→ **AIM OF THE TASK**: The whole listing that follows is to be restated word for word, images excluded.

→ **PROVIDED DATA**:

:::

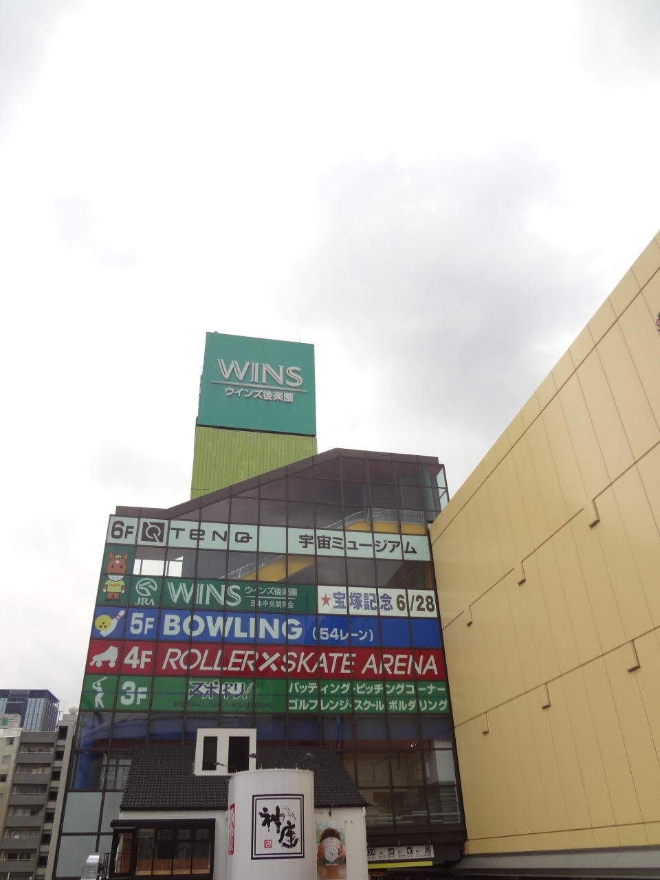東京ドームのすぐ近くにある黄色い建物です。ウインズが入っていることから、競馬のイメージが強い建物でしたが、昨年、6階に宇宙ミュージアム、テンキュ―が出来たりして、家族連れも多く見かける建物になりました。
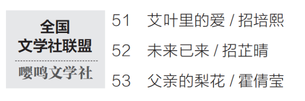 《中学生》 杂志由中国少年儿童新闻出版总社主办。该杂志编辑王子沐介绍,全国文学社联盟是由《中学生》杂志联合全国知名中学校园文学社团发起的校园写作新生力量。该联盟成立近8年来,全国范围内共有100个文学社团上榜,嘤鸣文学社是佛山第一个也是唯一一个上榜的文学社团。
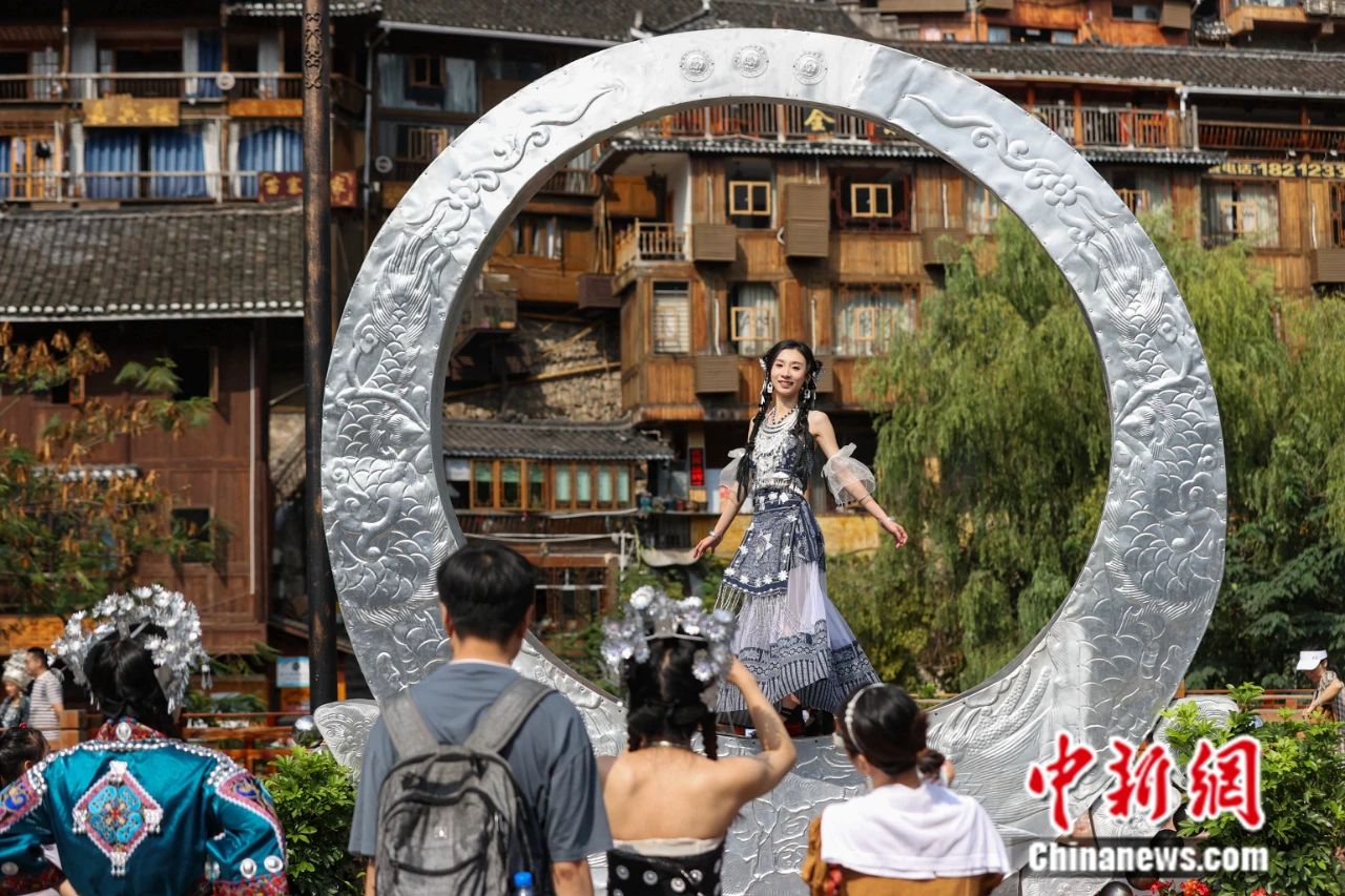 游客在貴州西江千戶苗寨游玩。 中新社記者 瞿宏倫 攝
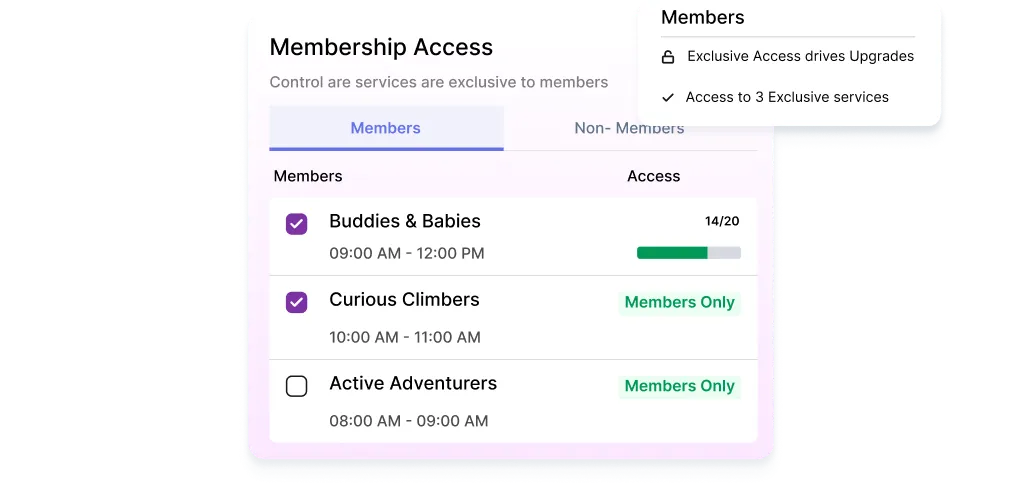 Give members access to services non-members can’t use to create a clear reason to upgrade. Use that exclusivity to boost perceived value, keep members longer, and turn casual visitors into committed members.

:::

→ **ANSWER SECTION**:
東京ドームのすぐ近くにある黄色い建物です。ウインズが入っていることから、競馬のイメージが強い建物でしたが、昨年、6階に宇宙ミュージアム、テンキュ―が出来たりして、家族連れも多く見かける建物になりました。
 《中学生》 杂志由中国少年儿童新闻出版总社主办。该杂志编辑王子沐介绍,全国文学社联盟是由《中学生》杂志联合全国知名中学校园文学社团发起的校园写作新生力量。该联盟成立近8年来,全国范围内共有100个文学社团上榜,嘤鸣文学社是佛山第一个也是唯一一个上榜的文学社团。
 游客在貴州西江千戶苗寨游玩。 中新社記者 瞿宏倫 攝
 Give members access to services non-members can’t use to create a clear reason to upgrade. Use that exclusivity to boost perceived value, keep members longer, and turn casual visitors into committed members.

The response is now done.